§ WORK TASK
Make an exact copy of the records below, excluding images.

START EXTRACTED INFORMATION

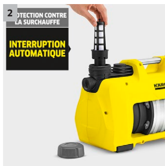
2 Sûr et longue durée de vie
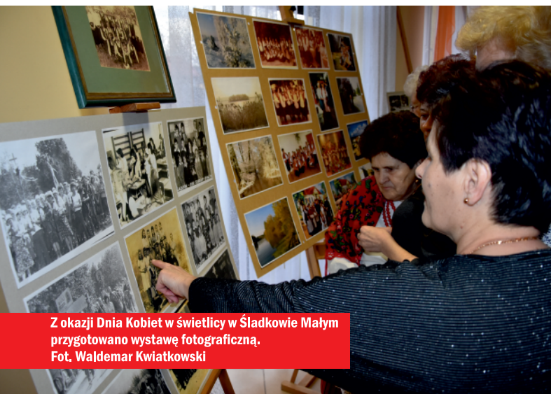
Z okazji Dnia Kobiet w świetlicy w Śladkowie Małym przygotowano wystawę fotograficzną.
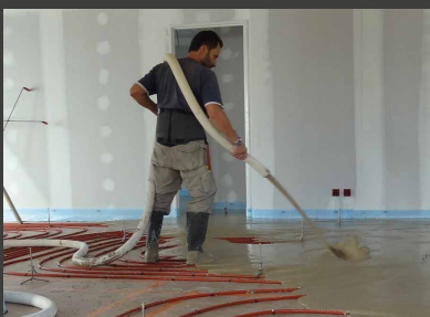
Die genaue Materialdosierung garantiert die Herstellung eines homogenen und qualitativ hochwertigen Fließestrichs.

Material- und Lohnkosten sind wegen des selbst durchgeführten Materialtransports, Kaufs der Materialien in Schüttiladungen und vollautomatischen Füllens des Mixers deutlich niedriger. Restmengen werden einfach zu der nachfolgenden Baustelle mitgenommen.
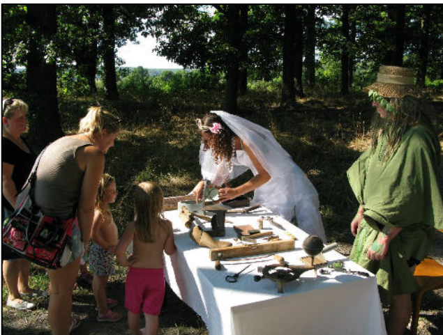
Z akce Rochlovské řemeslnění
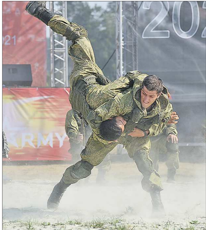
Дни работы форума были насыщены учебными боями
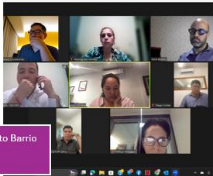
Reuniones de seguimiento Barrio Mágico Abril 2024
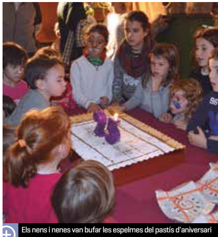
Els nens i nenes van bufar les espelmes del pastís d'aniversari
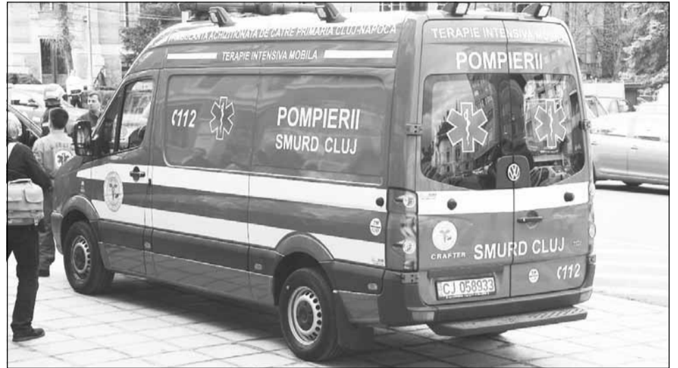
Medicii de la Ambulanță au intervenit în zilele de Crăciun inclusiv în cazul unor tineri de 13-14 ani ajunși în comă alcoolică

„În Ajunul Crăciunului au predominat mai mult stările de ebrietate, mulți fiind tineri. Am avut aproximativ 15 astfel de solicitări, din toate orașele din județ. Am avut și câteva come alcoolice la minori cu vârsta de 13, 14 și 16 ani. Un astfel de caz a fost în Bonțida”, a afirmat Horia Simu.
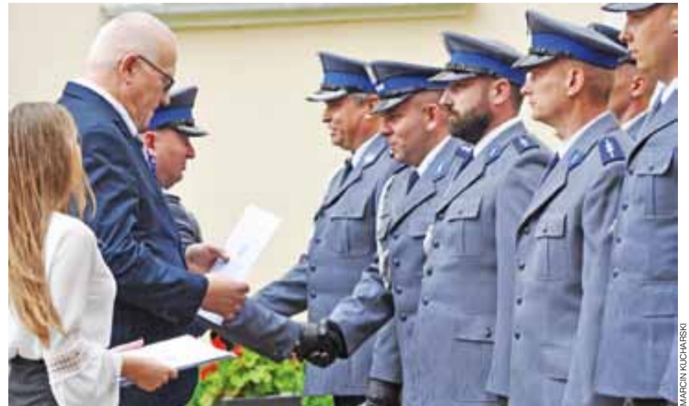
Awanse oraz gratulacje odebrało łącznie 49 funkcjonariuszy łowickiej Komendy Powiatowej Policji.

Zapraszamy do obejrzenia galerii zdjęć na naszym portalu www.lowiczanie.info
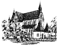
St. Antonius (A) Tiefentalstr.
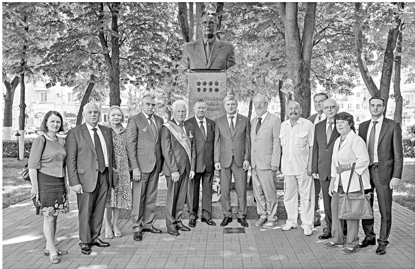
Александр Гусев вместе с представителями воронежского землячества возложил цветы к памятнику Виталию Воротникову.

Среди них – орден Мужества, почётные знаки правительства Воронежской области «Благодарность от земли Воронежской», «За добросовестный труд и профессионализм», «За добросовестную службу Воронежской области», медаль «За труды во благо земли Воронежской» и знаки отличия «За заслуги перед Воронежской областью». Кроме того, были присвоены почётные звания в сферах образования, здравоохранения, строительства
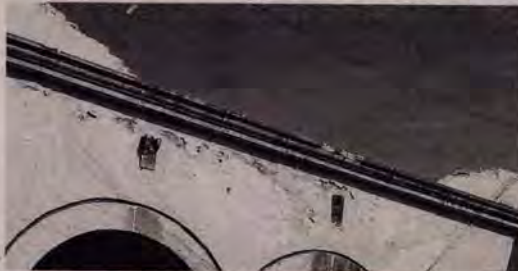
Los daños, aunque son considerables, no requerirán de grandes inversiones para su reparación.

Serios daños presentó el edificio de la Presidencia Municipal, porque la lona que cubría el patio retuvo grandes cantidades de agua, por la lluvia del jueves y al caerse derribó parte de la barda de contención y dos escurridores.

END EXTRACTED INFORMATION

§ SOLUTION TO THIS TASK
2 Sûr et longue durée de vie
Z okazji Dnia Kobiet w świetlicy w Śladkowie Małym przygotowano wystawę fotograficzną.
Die genaue Materialdosierung garantiert die Herstellung eines homogenen und qualitativ hochwertigen Fließestrichs.

Material- und Lohnkosten sind wegen des selbst durchgeführten Materialtransports, Kaufs der Materialien in Schüttiladungen und vollautomatischen Füllens des Mixers deutlich niedriger. Restmengen werden einfach zu der nachfolgenden Baustelle mitgenommen.
Z akce Rochlovské řemeslnění
Дни работы форума были насыщены учебными боями
Reuniones de seguimiento Barrio Mágico Abril 2024
Els nens i nenes van bufar les espelmes del pastís d'aniversari
Medicii de la Ambulanță au intervenit în zilele de Crăciun inclusiv în cazul unor tineri de 13-14 ani ajunși în comă alcoolică

„În Ajunul Crăciunului au predominat mai mult stările de ebrietate, mulți fiind tineri. Am avut aproximativ 15 astfel de solicitări, din toate orașele din județ. Am avut și câteva come alcoolice la minori cu vârsta de 13, 14 și 16 ani. Un astfel de caz a fost în Bonțida”, a afirmat Horia Simu.
Awanse oraz gratulacje odebrało łącznie 49 funkcjonariuszy łowickiej Komendy Powiatowej Policji.

Zapraszamy do obejrzenia galerii zdjęć na naszym portalu www.lowiczanie.info
St. Antonius (A) Tiefentalstr.
Александр Гусев вместе с представителями воронежского землячества возложил цветы к памятнику Виталию Воротникову.

Среди них – орден Мужества, почётные знаки правительства Воронежской области «Благодарность от земли Воронежской», «За добросовестный труд и профессионализм», «За добросовестную службу Воронежской области», медаль «За труды во благо земли Воронежской» и знаки отличия «За заслуги перед Воронежской областью». Кроме того, были присвоены почётные звания в сферах образования, здравоохранения, строительства
Los daños, aunque son considerables, no requerirán de grandes inversiones para su reparación.

Serios daños presentó el edificio de la Presidencia Municipal, porque la lona que cubría el patio retuvo grandes cantidades de agua, por la lluvia del jueves y al caerse derribó parte de la barda de contención y dos escurridores.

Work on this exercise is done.